Esse processo já vinha sendo gestado desde o golpe parlamentar efetuado contra a então presidente Dilma Rousseff. Não por acaso, na sequência empurraram goela abaixo da sociedade a “nova” lei trabalhista e a “reforma” da previdência, que visavam precarizar, ainda mais, as condições de trabalho e tornar praticamente impeditiva a aposentadoria da grande maioria dos trabalhadores. Recentemente, o Congresso, de maioria conservadora, abocanhou fatias cada vez maiores do Orçamento da União, através das emendas parlamentares, ao passo em que sinalizou mais arrocho salarial para o funcionalismo público.

A agenda é clara. Arrocho salarial, privatização do Estado, ataque à liberdade de organização e manifestação, estímulo ao preconceito, à misoginia e a pautas religiosas que dividem a sociedade. É assim nos Estados Unidos, na Europa, na América Latina e no Brasil.

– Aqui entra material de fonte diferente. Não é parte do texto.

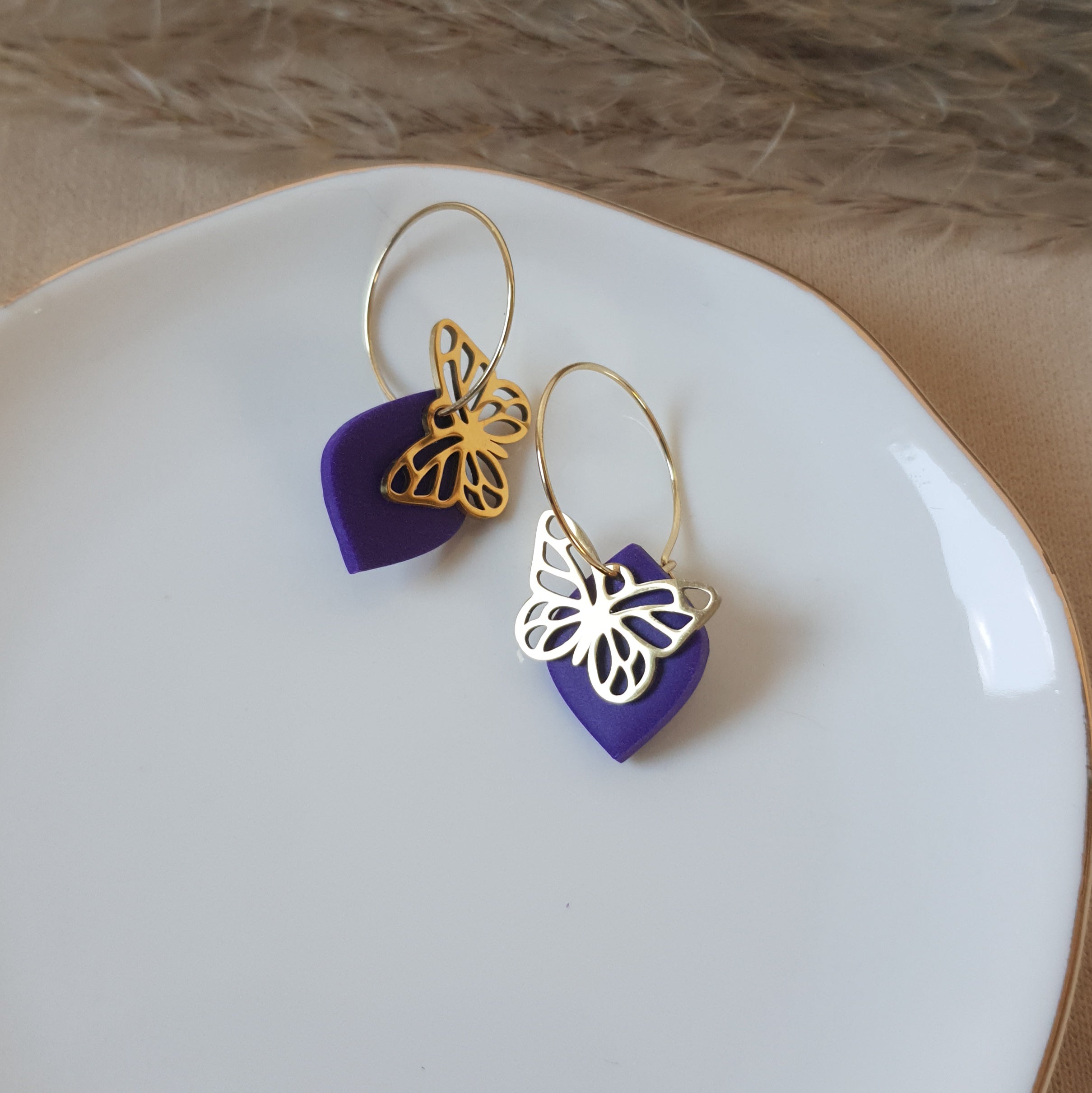 Handmade hoop earrings. Size – total length: 3.7 cm or 1.45 inch. Surface-texture: matte, glossy. Jewelry material: polymer clay, stainless steel, resin.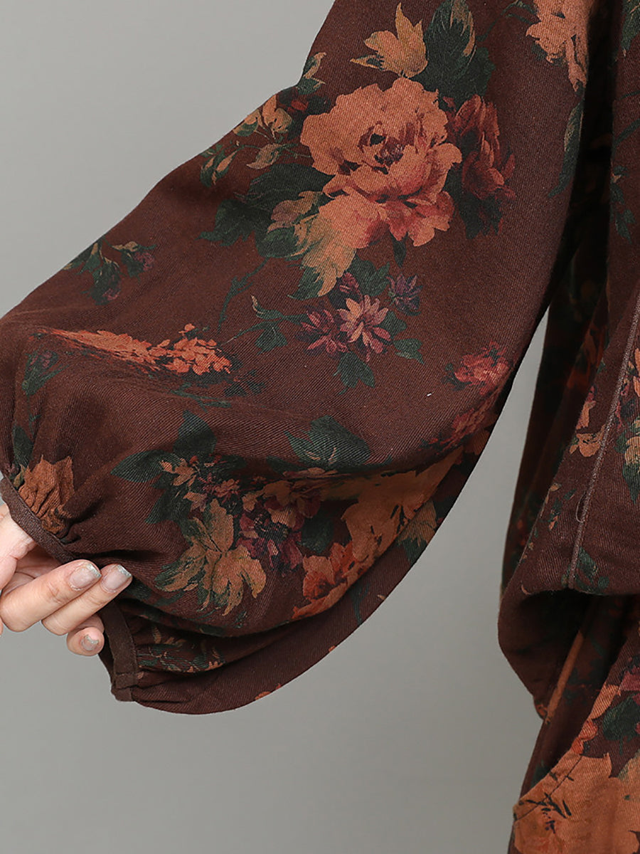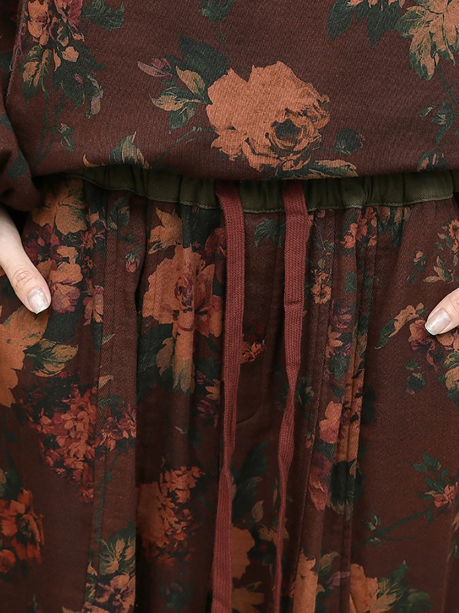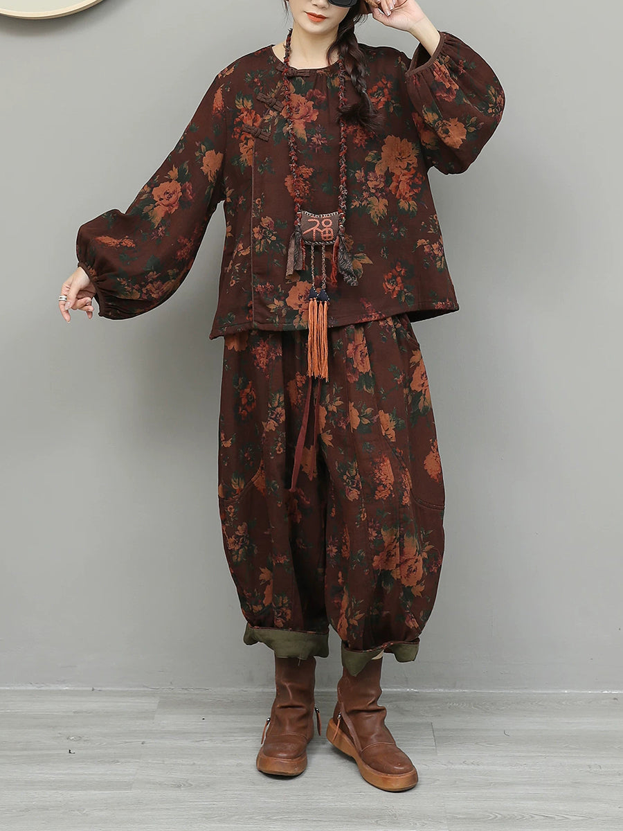 Women Spring Ethnic Flower Spliced O-Neck Suits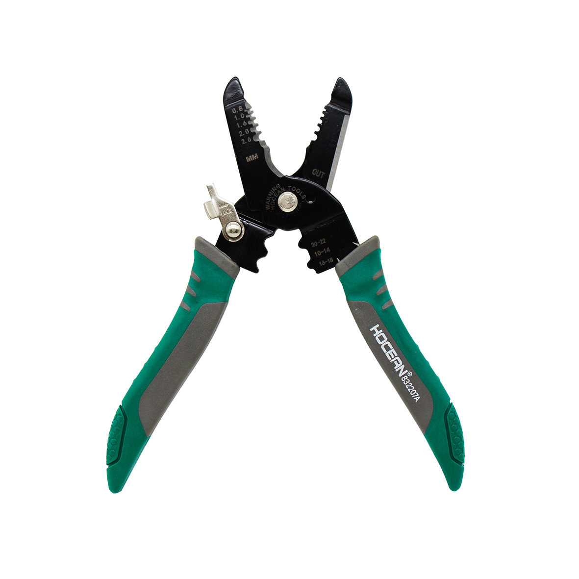 Le lame per tagliare e spellare i fili, sono realizzate in acciaio carbonio indurito, che resta affilato per anni. La pinza è dotata anche di meccanismo di blocco, che tiene l’attrezzo bloccato quando non in uso.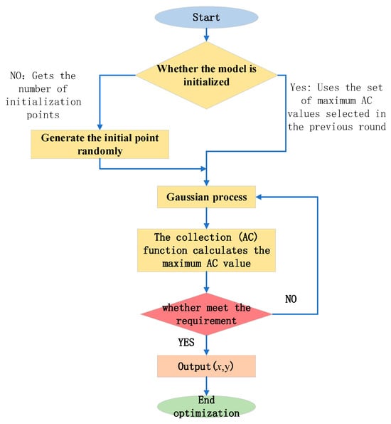 BO optimization primarily comprises two components: a probabilistic surrogate model and an acquisition function. The probabilistic surrogate model represents the distribution of the objective function to be optimized, and the acquisition function is utilized to seek and confirm the next possible extreme point from the posterior distribution. The acquisition function serves two purposes: one is for exploitation, and the other is for exploration. Exploitation is sampling around existing extremes to search for possible better hyperparameter combinations. Exploration is exploring new areas to prevent the optimization from getting trapped in local optima. The primary optimization process is initially generating a probability surrogate model through random sampling and updating the posterior distribution of the objective function (Gaussian process) by continuously adding sample points until the posterior distribution closely approximates the real distribution. In short, this approach considers information from previous parameters to better adjust the current parameter. Its theoretical foundation is based on Bayes’ theorem, as depicted in Equation (2). The flowchart of Bayesian optimization is shown in Figure 3.
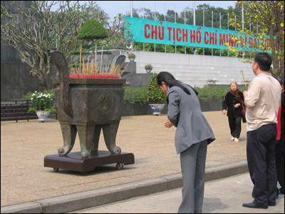 Trong lúc nhiều người đổ tới các chùa để lễ Tết, cũng có người tới lăng Hồ Chủ Tịch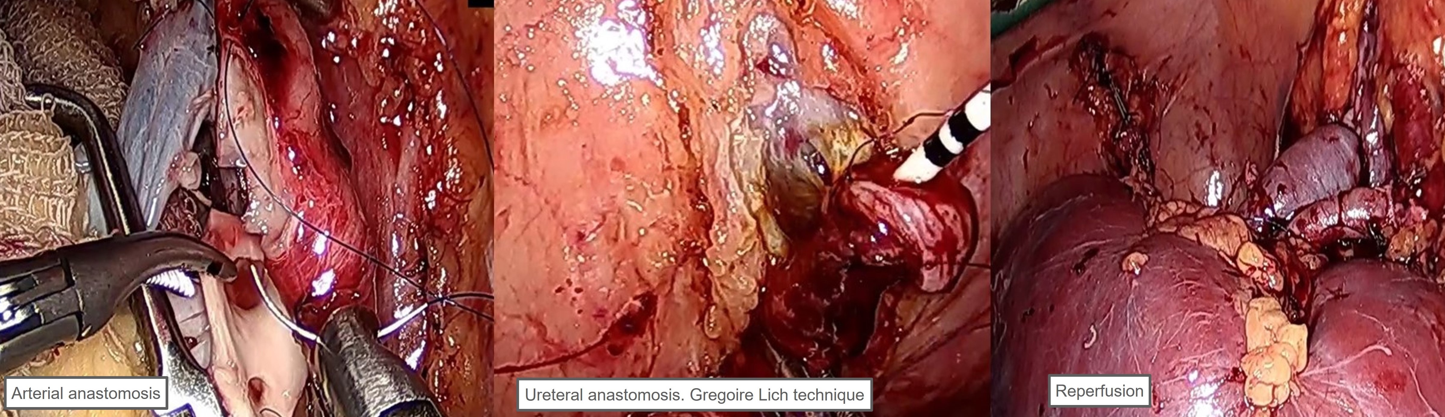 Methods: Donnor: deceased donnor, male , KDPI 5% , cold ischemia time 14 hrs , left kidney, 2 arteries. Recepient: females, 54 yrs old, bmi 27.8 , membranous glomerulopathy , 6 yrs on hemodyalisis. Surgical technique: transperitoneal aproach, the surgical steps are resumed in figure 1. We used modifications of Modi´s technique : diferent incision ( midline instead of pfanestiel aproach), use of ureteral stent, and cold jacket gauze for local hypothermia.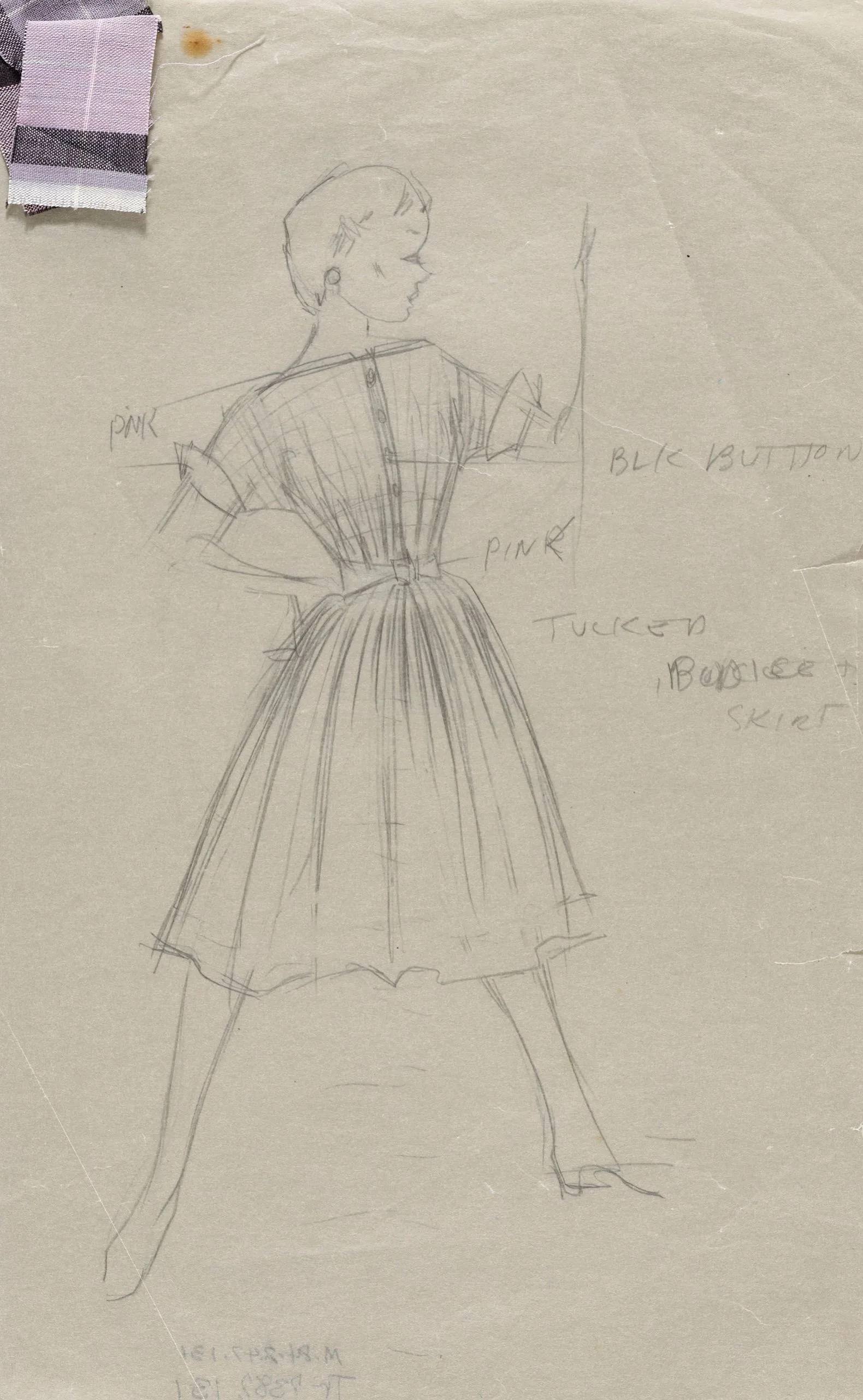 Pencil fashion design sketch on sage green-gray paper showing a woman from behind in a belted, full-skirted dress, with handwritten annotations and two fabric swatches pinned to the upper left corner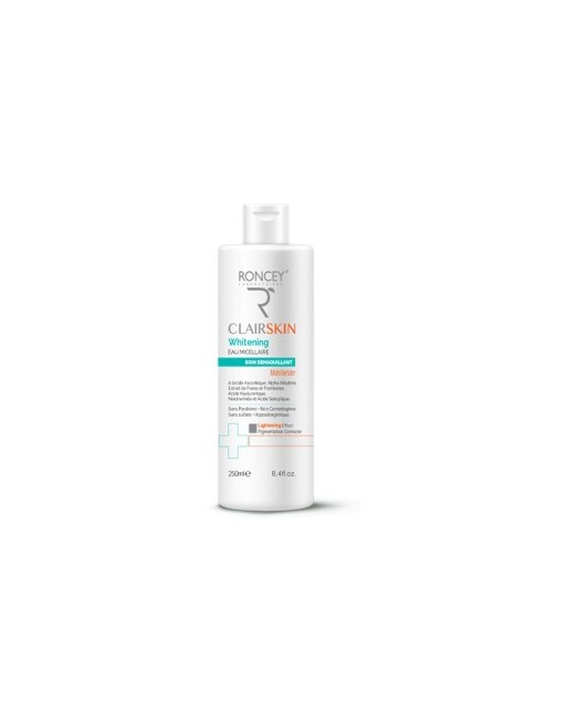 EAU MICELLAIRE ÉCLAIRCISSANTE – RONCEY CLAIRSKIN – 250ML l’eau micellaire Clairskin nettoyante et démaquillante est développé pour nettoyer la peau et traiter les taches de n’importe quel type de peau. avec une formule d’acide ascorbique, d’alpha-arbutine et d’acide hyaluronique, agit pour éliminer le maquillage et la saleté incrustée dans la peau, aide à éclaircir le visage et maintient son hydratation, est douce pour la peau, ce qui signifie qu’elle vous donne un effet instantané. fraîcheur et éclat. INDICATION : Cette eau micellaire est spécialement formulé pour les peaux souffraunt de troubles de la pigmentation et pour éclairer et unifier le teint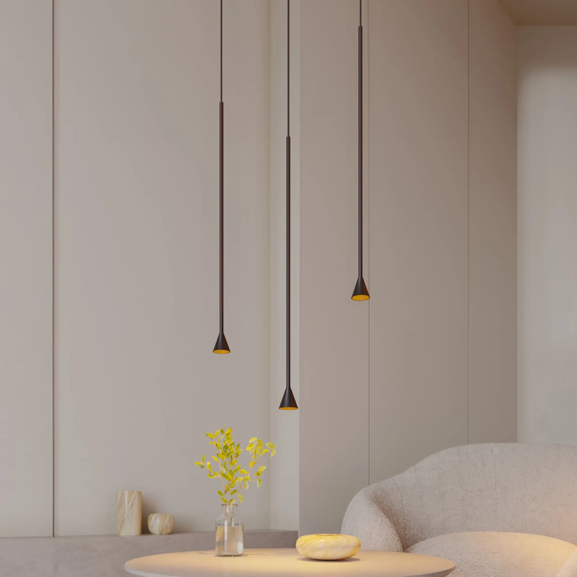 Подвесной светодиодный светильник RINAR-HANG мощностью 5 Вт, теплого цвета свечения 3000 K предназначен для направленного декоративного освещения в жилых или коммерческих помещениях. Светильник с узким углом излучения 36 градусов оригинально дополнит интерьеры кухни-гостиной или зала кафе, ресторанов. Максимальная длина регулируемого подвеса 1500 мм. Подключение осуществляется с помощью входящего в комплект драйвера напрямую к сети переменного тока 230 В. Индекс CRI>94 отвечает за отличное восприятие и передачу цветовых оттенков. Низкая пульсация обеспечивает комфортное освещение без мерцания. Алюминиевый корпус с конусообразным светоизлучаетем. Пылевлагозащита на уровне IP20 позволяет применять модель внутри помещений, где нет контакта с водой или другими жидкостями.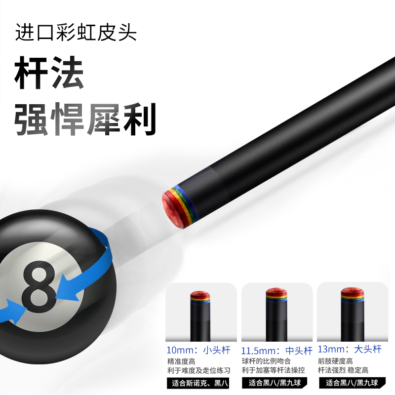 台球杆小头du药AR美式九球杆桌球杆中式黑八8球台球杆大头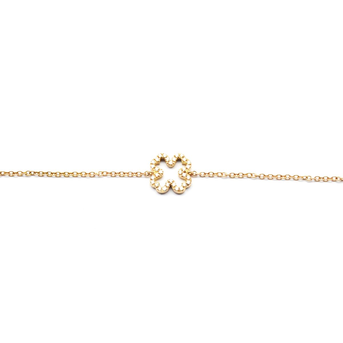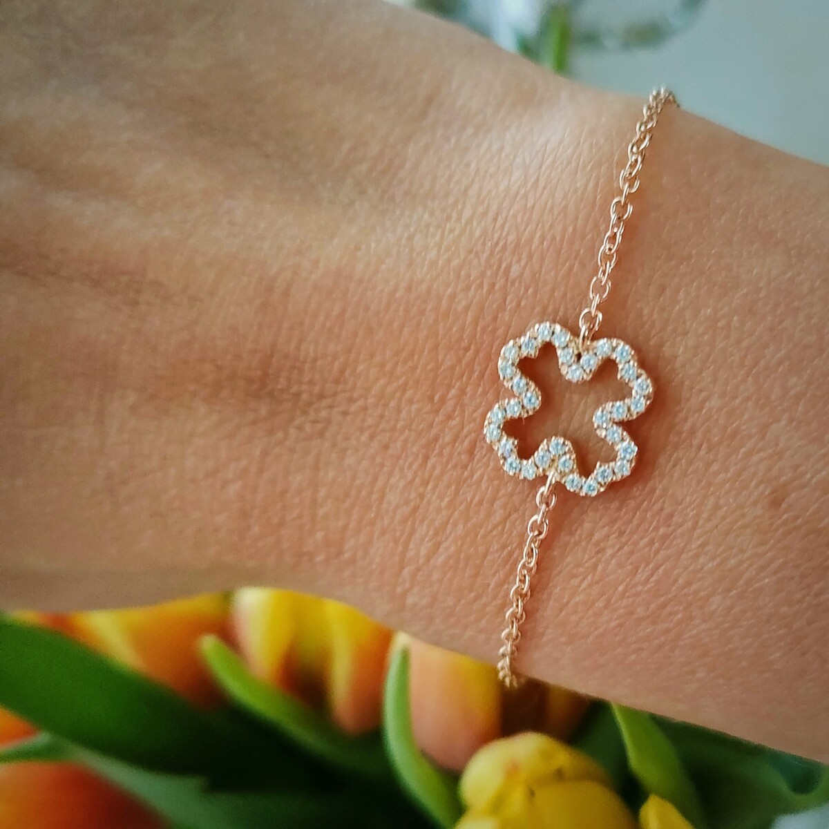 Bracelet in 750/°°° rose gold, handmade in our goldsmith’s workshop, with a central four-leaf clover set with natural brilliant-cut diamonds weighing a total of 0.19 carats.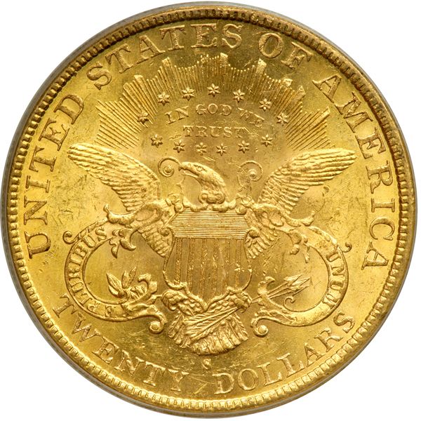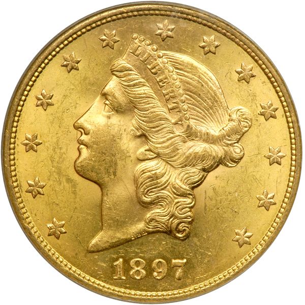 1897-S $20 Liberty. SEGS graded MS-62. The first digit of this date shows recutting on the left base.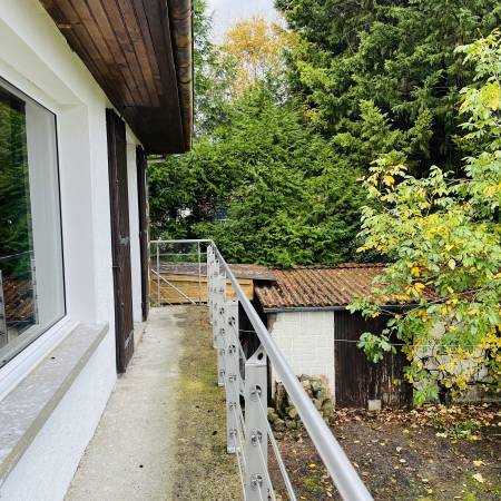 A l'étage : un palier, deux belles chambres et un wc avec un point d'eau.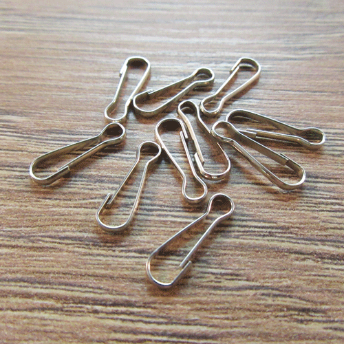 Musketonhaak klein: je haakt het er zo aanDit haakje is een eenvoudig hulpmiddel. Je kunt het zonder gereedschap ergens aanhaken en op dezelfde manier kun je er ook een labeltje of iets dergelijks aandoen.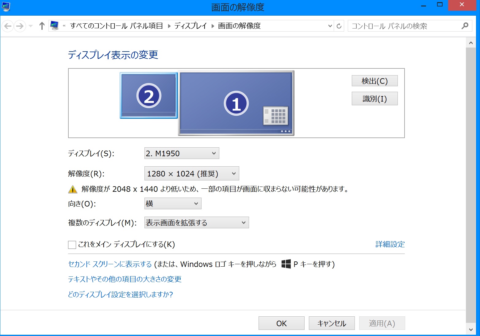 メニューにて[画面の解像度]を選択し、表示される画面のスクリーン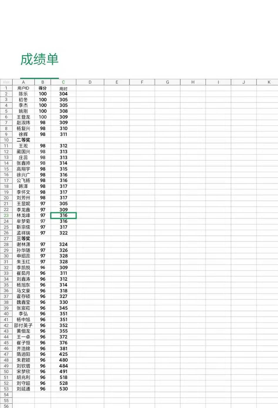 活动开始前,工作人员从题库中选取50道题作为考试内容,并将答题的二维码在QQ群中公布,各参赛成员准时扫描二维码进行答题,后台人员及时观测后台的答题情况,各参赛人员都在规定时间内完成了答题,系统按成绩将获奖人员筛选出来,之后工作人员将获奖名单下发至QQ群里。

Para bancar esse roteiro, as classes dominantes entenderam que não é mais possível a democracia burguesa clássica, que promove concessões no terreno econômico. Advogam a necessidade de governos claramente de extrema direita, a exemplo de Viktor Orbán na Hungria e Milei na Argentina. Quando não conseguem vencer nas urnas recorrem aos golpes de Estado, como tentaram fazer com Trump nos Estados Unidos e com o 8 de janeiro no Brasil.

Não por acaso, partidos como o PSDB e o MDB, do ponto de vista da disputa nacional, foram varridos no mapa. Os setores dominantes do capital não enxergam mais espaço para políticos estilo Mário Covas, Franco Montoro, Aécio Neves, Fernando Henrique e tantos outros que representavam seus interesses, ao passo que faziam concessões aos setores populares. Precisam de políticos como Bolsonaro, Milei e Trump e, na derrota, de golpes de Estado, para garantir seu programa de governo.

O irônico nisso tudo é que o discurso desse setor belicoso, que representa os interesses do capital financeiro, é aparentemente subversivo. Critica o Supremo Tribunal Federal e o Congresso Nacional. Contraditoriamente, está sendo colocada no colo das forças de esquerda a defesa dessas “instituições”, que ao longo dos anos sempre estiveram na linha de frente da defesa de um modelo econômico e político a serviço das classes dominantes.

O 8 de janeiro foi a junção de todos esses fatores. Com um elemento que se constitui o “ovo da serpente”. A anistia ampla, geral e irrestrita concedida após o fim da ditadura, que igualou vítimas e torturadores, eximindo os militares de qualquer punição pelo terrorismo de Estado praticado durante esse período. Nostálgicos dos porões sentiram-se à vontade para urdir um novo golpe.

Tratar os atos de 8 de janeiro como mera baderna, ainda que eivada de amadorismo, representa no mínimo uma grave miopia política diante do que ocorre no mundo. É preciso punir exemplarmente não só os que cometeram os ataques aos Três Poderes, mas principalmente, seus financiadores, políticos com mandato e militares que estiveram nos bastidores orquestrando o golpe. Repetir o mesmo erro cometido por ocasião da anistia só vai adiar o enfrentamento com esses setores golpistas para um momento em que as forças democráticas podem não estar preparadas.

É preciso entender que é importante o ato de defesa da democracia que acontece na tarde deste 8 de janeiro, em Brasília, reunindo representante dos Três Poderes, mas que é fundamental a mobilização ampla da sociedade, como condição básica para deter novas aventuras que atentem contra a democracia.

Somando-se a isso, o mais importante é a realização de mudanças no modelo econômico, visando a distribuição de renda e o empoderamento das forças que se contrapõem ao domínio que a oligarquia financeira submete o Estado brasileiro, impondo seus interesses e valores. Ao mesmo tempo em que se deve apostar na união das forças de esquerda e democráticas, estimulando a mobilização popular, visando as próximas disputas eleitorais. Tarefas nas quais o governo Lula, registre-se, vem atuando timidamente.